Ive pushed a new release and i can confirm now the file isnt overwritten anymore and after commit, i can actually see the latest changes in the synced volume using virt-ls.

so my test was:

full sync
create files in vm, "sync" to sync flush changes to disk (not required if qemu-agent is running, as fsfreeze will be taking care)
incremental sync
on the target system use virt-ls to verify the changed files exist within qcow image on target system

 virt-ls -a /tmp/tmp.we3yOvdptW/fstrim.qcow2  /
NEW_FILES_FOR_INC

ive pushed a new release.

4 replies

deajan Apr 14, 2026
Collaborator Author

I'll have a test ride right now ;)

deajan Apr 14, 2026
Collaborator Author

So far so good, incremental replication looks okay now ;)

Thinking of the messages I see while replicating, I was wondering if commiting the differental into base image should become an optional step ? As per Hyper-V and others, it's interesting to keep last n snapshots around on disaster recovery software. Of course it would be the responsability of a script to make the xml file point to the right backing chain.

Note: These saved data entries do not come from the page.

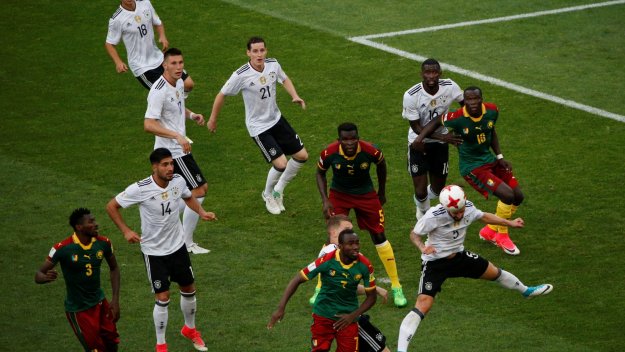 Германия победи Камерун с 3:1 в двубой от група "В" на турнира за купата на Конфедерациите, игран на стадион "Олимпийски" в Сочи. Това се оказа и юбилейна победа №100 за селекционера Йоахим Льов в неговия мач №150 начело на отбора.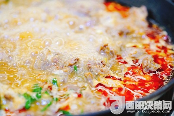 陜北傳統(tǒng)鐵鍋燉羊肉的方法,保持了羊肉的原汁原味,營養(yǎng)一點兒也不流失,吃肉的同時還能喝湯,一鍋咕嘟冒泡的鐵鍋燉羊肉,簡直就是大冬天里祛寒保暖的神器。兩個成都伙計從第一口起就停不下來了,一鍋3斤多羊肉,都讓他倆給造光了。
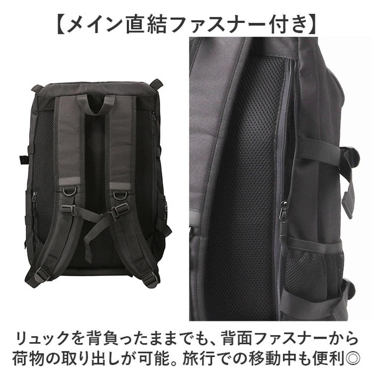 ・リュックを背負ったままでも、背面ファスナーから荷物の取り出しが可能。旅行での移動中も便利◎
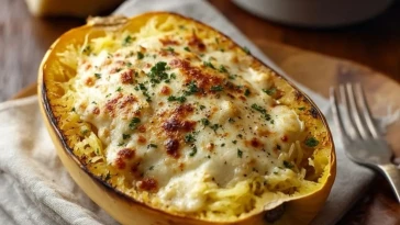 • Courge Spaghetti Rôtie avec Sauce Alfredo et Fromage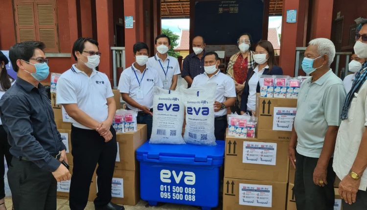លោក Apichart Duang-Art អគ្គនាយកក្រុមហ៊ុន Chamatharn Co, Ltd.(EVA Premium Ice) បានដឹកនាំក្រុមការងារជាច្រើនរូប ដោយបាននាំយកអំណោយជាច្រើន ទៅជួបផ្ទាល់ចៅសង្កាត់រងសិត្បូ ក្រុងតាខ្មៅ ខេត្តកណ្តាលលោក ជូន មន ដើម្បីធ្វើការថ្លែងអំណរគុណ ដែលអាជ្ញាធរគ្រប់លំដាប់ថ្នាក់ក្នុងតំបន់នេះបានខិតខំប្រឹងការងារកន្លងមក ជាពិសេសបានឈ្នះនឹងវិបត្តិកូវិដ១៩ ហើយក៏កំពុងបន្តព្យាបាលដល់ប្រជាពលរដ្ឋប្រមាណ១០០នាក់ដែលបានឆ្លងកូវិដ១៩ ដើម្បីឈានដល់ការបញ្ចប់ព្រឹត្តិការណ៍២០កុម្ភៈបានផងដែរ។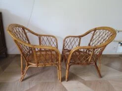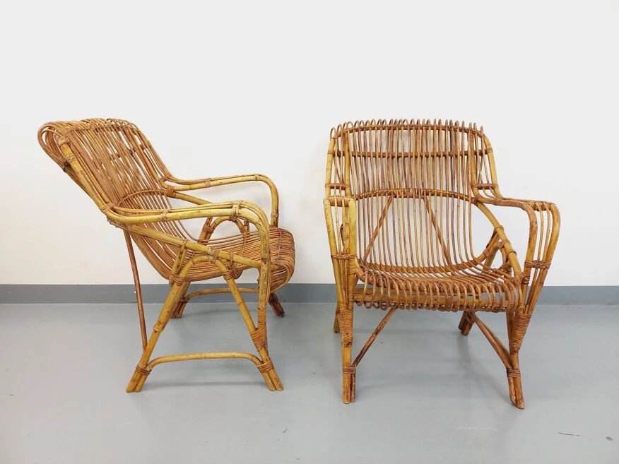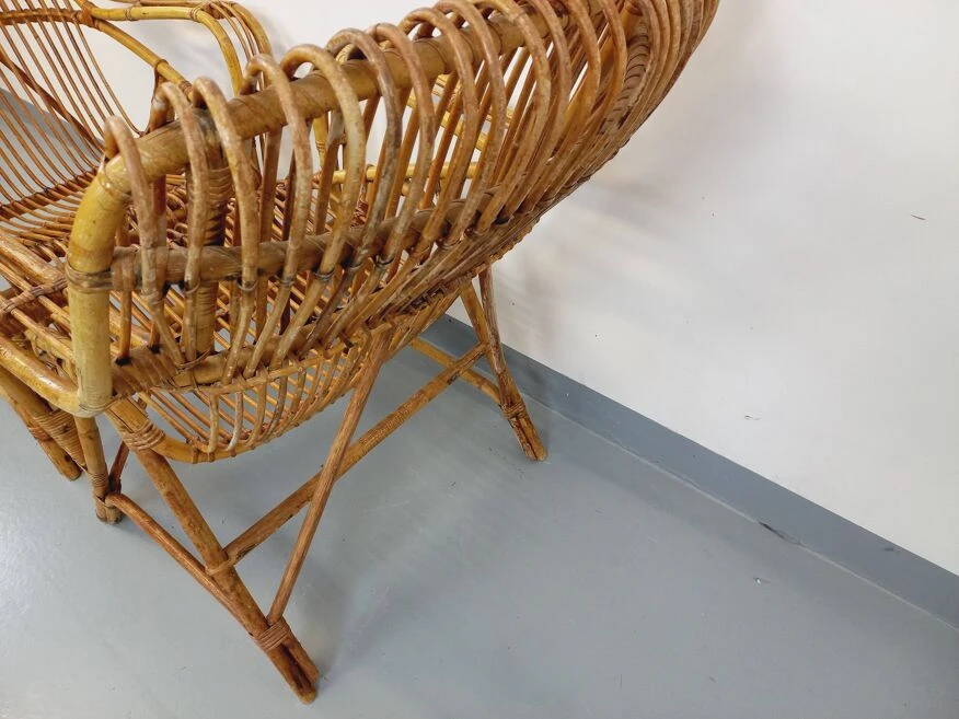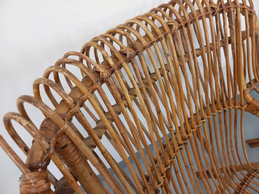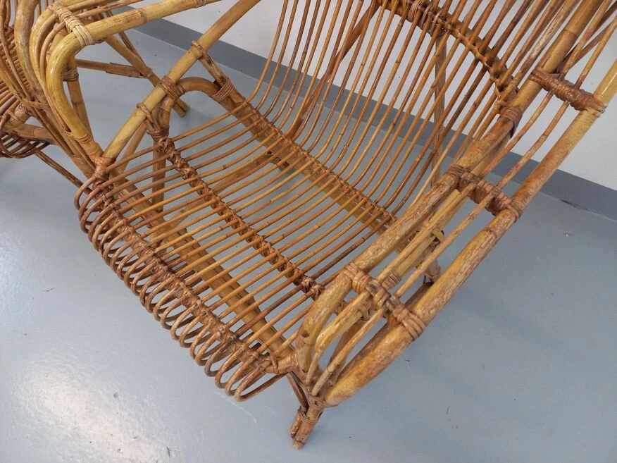 Good general condition with patina from the passage of time; missing varnish on rattan in certain places; but no shortage of rattan pieces.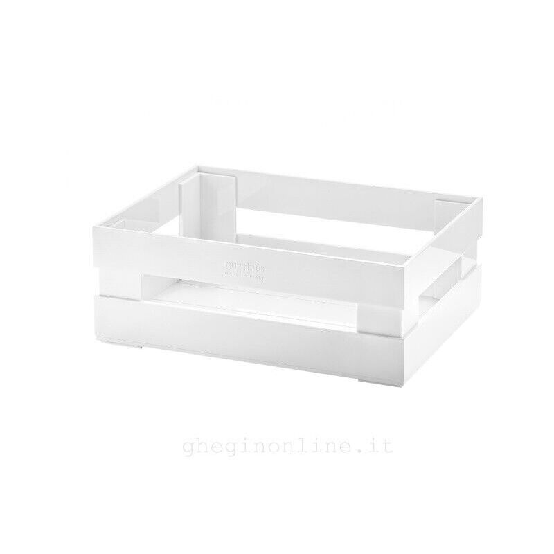 ma anche sulla tavola per servire frutta, o pane e perché no su una scrivania con penne e cancelleria, come svuota tasche su una mensola o come porta piante aromatiche sul davanzale della cucina. Caratteristiche della cassetta: • Impilabile • facile da pulire perché non assorbe nessun tipo di liquido • resistente agli urti • Lavabile in lavastoviglie • Realizzata in materiale plastico 100% riciclato • Dimensioni 15x11cm • Colore bianco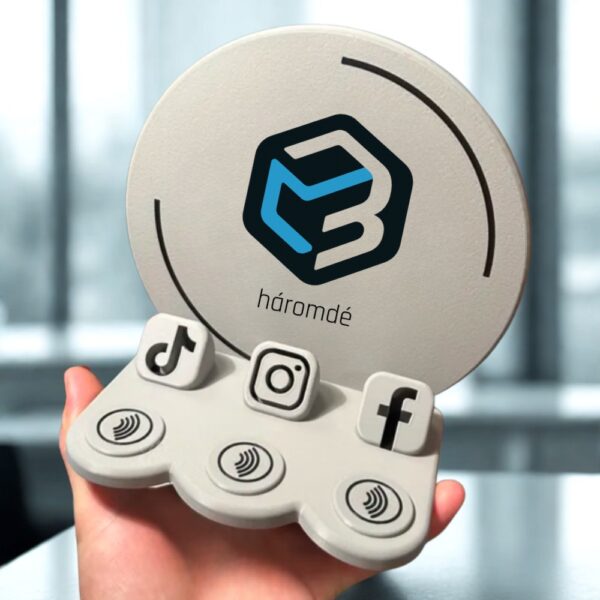 Egyedi céges NFC stand logóval és közösségi ikonokkal – modern, 3D-nyomtatott megoldás, amivel ügyfeleid egy érintéssel elérik vállalkozásod online felületeit. Stílusos, tartós és teljesen személyre szabható.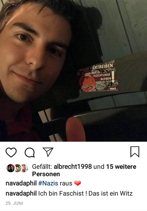 • Am 17. Juni 2017 an der IB-Demo in Berlin teilgenommen und dabei ein Schild mit der Aufschrift „JA+IB=<3“ hoch gehalten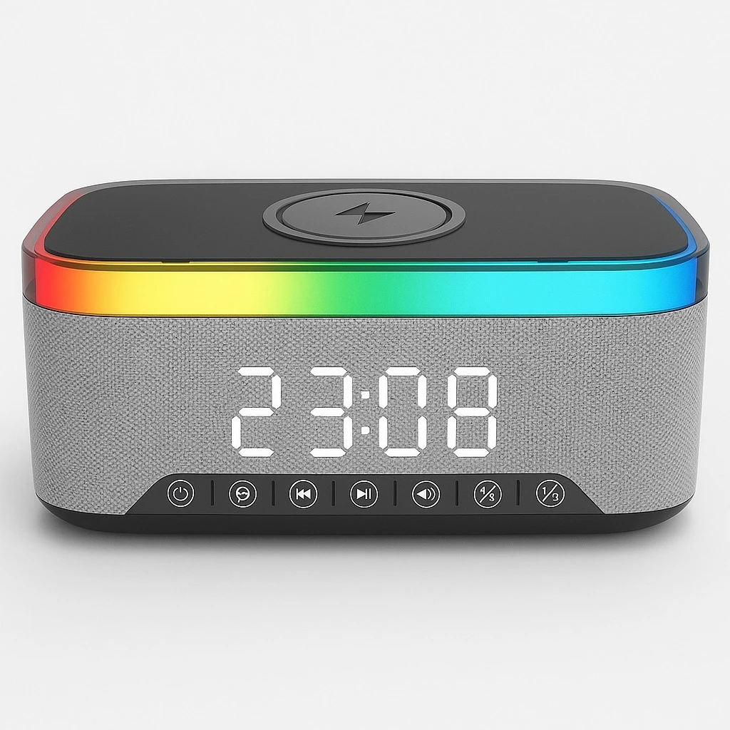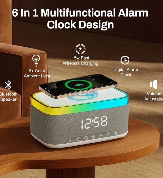 Dizajn 6-në-1: Boks Bluetooth, orë alarmi, ekran LED, ndriçim ambienti, karikim wireless dhe kontroll volumi.
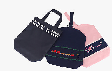 毎日の通学用~お受験など様々なシーンで安心してお使いいただけるシューズバッグです。
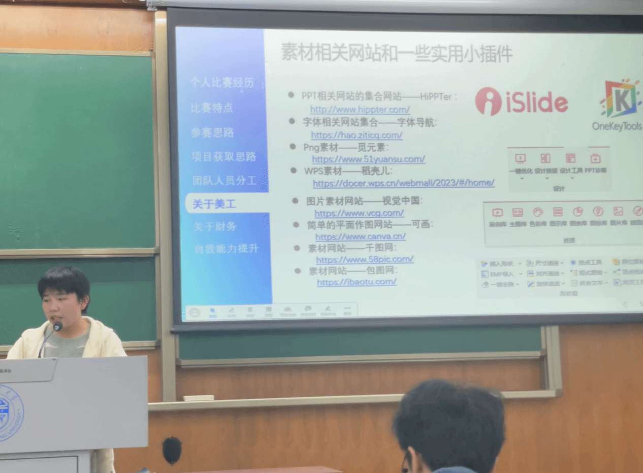 接下来,由经济管理学院学生黄家仪介绍创新创业类比赛中美工工作的经验分享。她以自身为例,告诉同学们要加强常见办公软件的学习和应用,日常生活中要善于收集好的设计案例,多实践,多练习,提高自己对美的鉴赏力和创造力。最后黄同学为同学们分享了自己平时常用的美工软件及线上免费学习课程。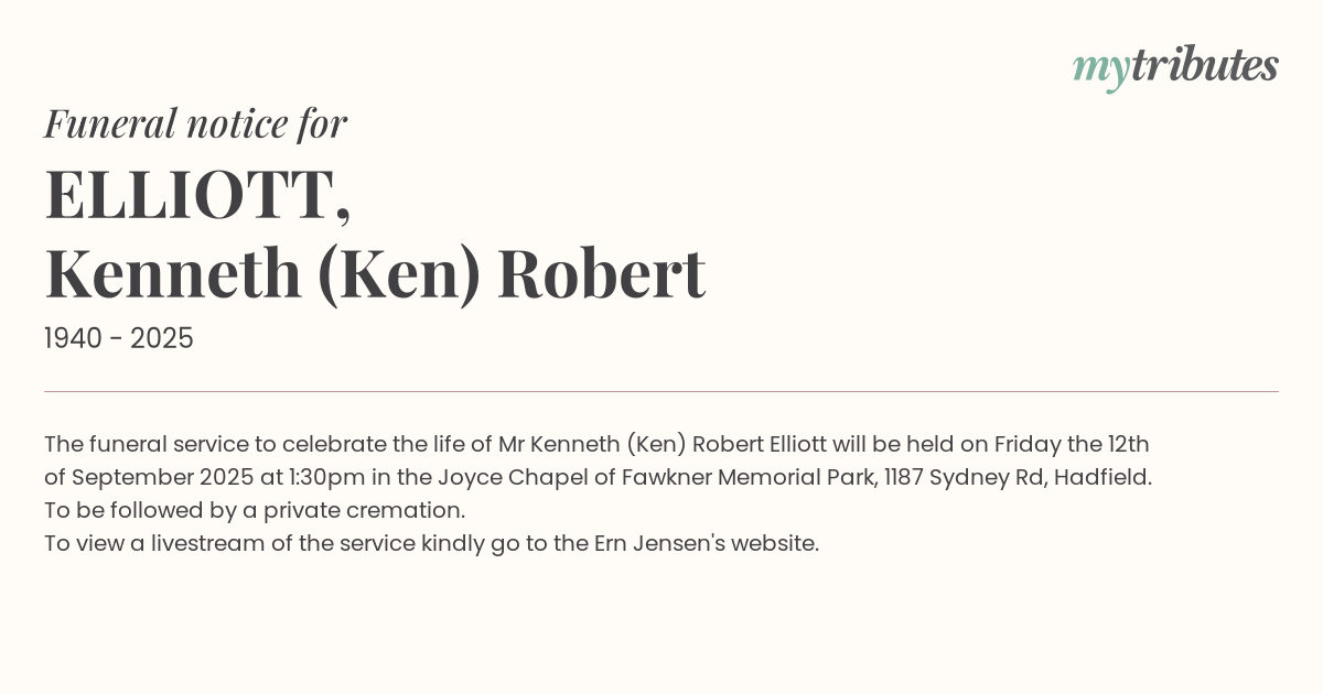16°CThe funeral service to celebrate the life of Mr Kenneth (Ken) Robert Elliott will be held on Friday the 12th of September 2025 at 1:30pm in the Joyce Chapel of Fawkner Memorial Park, 1187 Sydney Rd, Hadfield.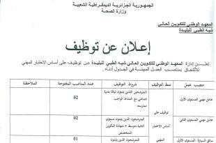 وزارة الصحة المعهد الوطني للتكوين العالي شبه الطبي للبليدة ads إعلان عن توظيف تعلن إدارة المعهد الوطني للتكوين العالي شبه الطبي للبليدة عن توظيف على أساس الاختبار المهني للالتحاق بمناصب الشغل المبينة في الجدول أدناه. المنصب عملنمط التوظيفشروط التوظيفعدد المناصب المفتوحةالملاحظةعامل مهني المستوى الأولتوظيف …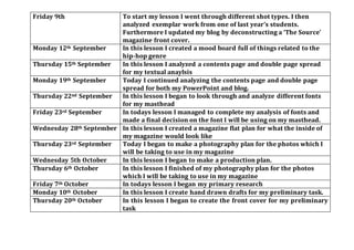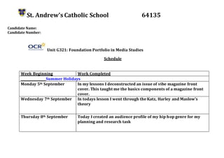 This document provides a weekly schedule and summary of work completed by a student for their Foundation Portfolio in Media Studies unit. Over the course of several months, the student worked on tasks analyzing magazines, creating mood boards, magazine layouts, photography plans, and draft magazine covers and spreads. They took photos, edited images, designed magazine pages in software like Photoshop and InDesign, and made corrections to their preliminary and main projects. By the end, the student had completed covers, contents pages, and double page spreads for both a preliminary and main magazine project.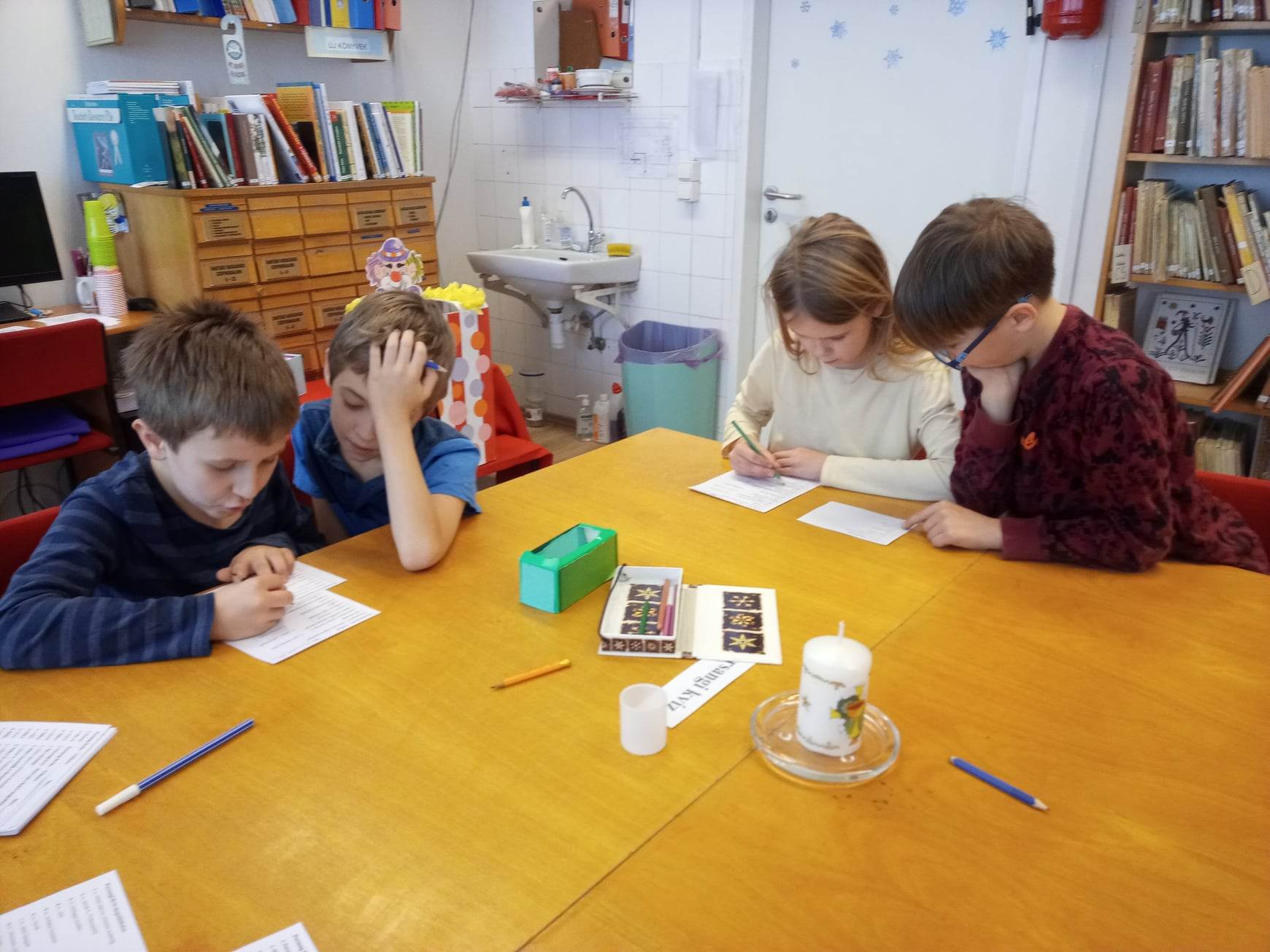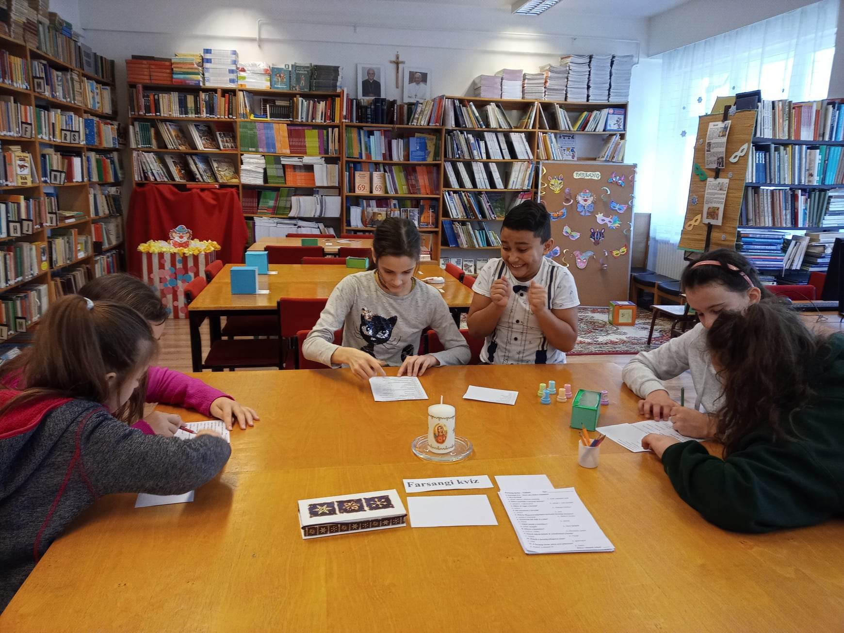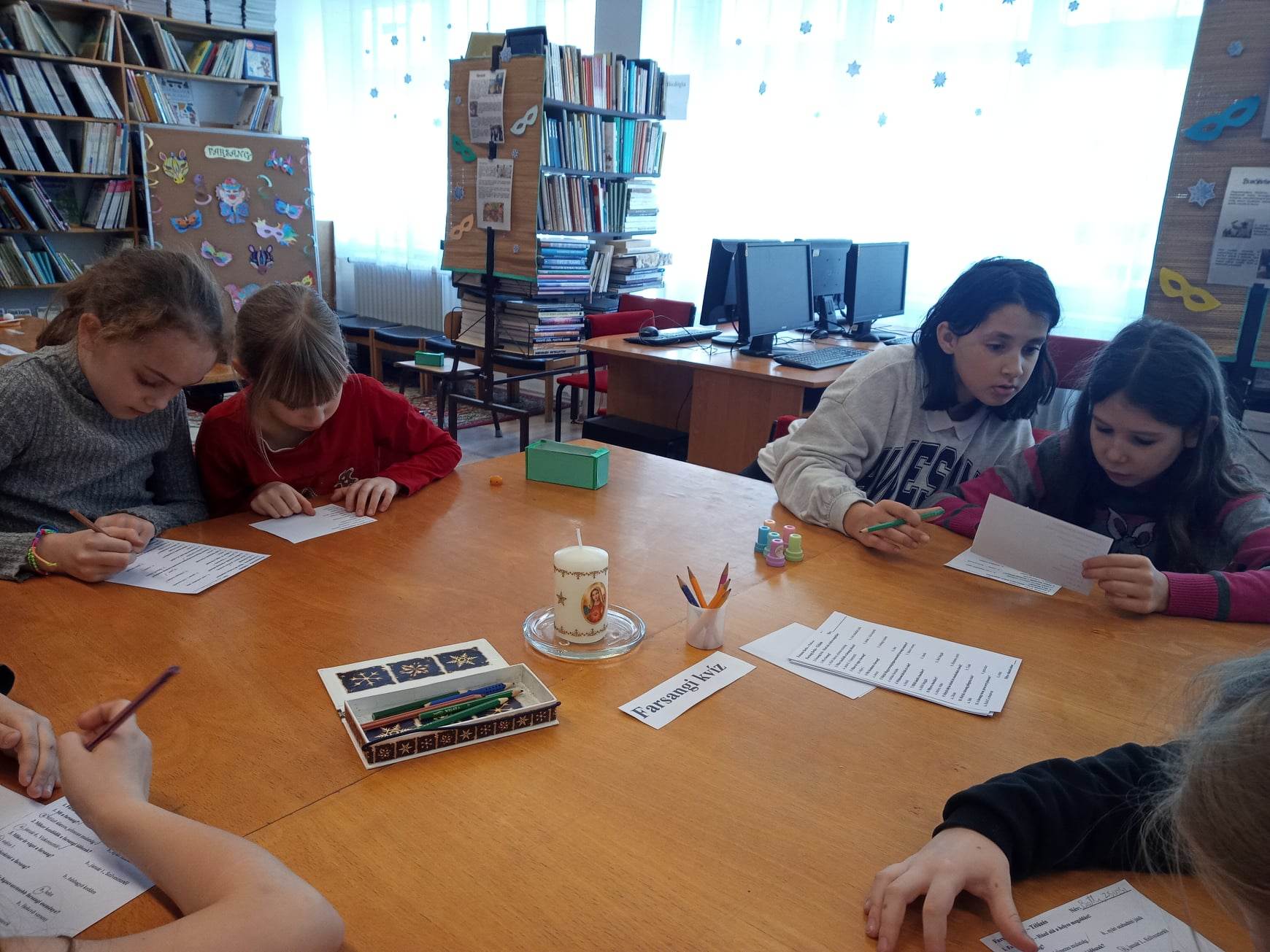 „Farsang farka" téltemető, tavaszváró foglalkozáson vettek részt a 3.a, 3.b és 4.b osztályok tanulói az iskola könyvtárában. A télűzéshez szükség volt a farsangi szokások, hagyományok ismeretére. A kvízkérdések megoldásához, az állomások játékos feladataihoz pedig az ügyességükre.

I've also tried to simulate some catastrophic scenarios, eg boot the replicated VM than redo a sync, or worse, send incremental snapshots with missing intermediary ones.
Of course, all those scenarios are possible (and will obviously be done by users), and I am thinking of an "easy and cheap" way to prevent that.
A very basic solution would be to keep around a vm.qcow2.vmsync.status on the target side in which the last replicated checkpoint name gets written along with the crc32 sum of the current file. On next run, vmsync could check whether last checkpoint name corresponds to the existing checkpoint, and check whether the crc32 sum corresponds with the current file.
crc32 is quite cheap on cpu and should be as fast as ssds can be, but still it would be an optional check since on very big qcow2 images that could quickly become a problem.
Perhaps another solution would be to just store the last checkpoint name and mtime of the file, and if one of both did change, than trigger a full resync. The problem with mtime being that both the mtime writing to file and check must be done on the target side, in order to prevent clock drifts.

I'm not sure whether I'm bugging you with all this "feature brainstorming", just let me know if that's the case.

deajan Apr 14, 2026
Collaborator Author

Also, again,, sorry if this is some kind of notepad, I'm just writing down some ideas:

Possible features:

optional quiescing (recommended, since "raw" copying would probably corrupt all kinds of log files / journals / databases...)
target state check before replication (checkpoint name + [mtime|crc32] of file)
optional keeping of n checkpoints as separate files in backing chain on target (hard effort unless the "current" file always has the base name, and elder backing files have numbered extensions. In that case, vmsync wouldn't need to care how much backing files there are when syncing. Flattening could be done if n checkpoints exist on target after sync process via qemu-img commit)
optional clobber option to overwrite existing VM
custom nbd-server port (in case of firewall)
nbd-server over ssh support (hard effort ? or opening a ssh session and making a port forwarding means keeping an ssh session open)
optional pipe filters (zstd/mbuffer/openssl) that would make stream compressed/buffered/encrypted (also maybe hard effort since go is used to actually read / write. Perhaps using a "dumb shell" command that does the read write would allow easier plugging of stream filters ? Just my evening thought)
basic prometheus metric output (eg a textcollector file with replication success, throughput and elapsed time, with labels being source and target hosts, and of course vm name)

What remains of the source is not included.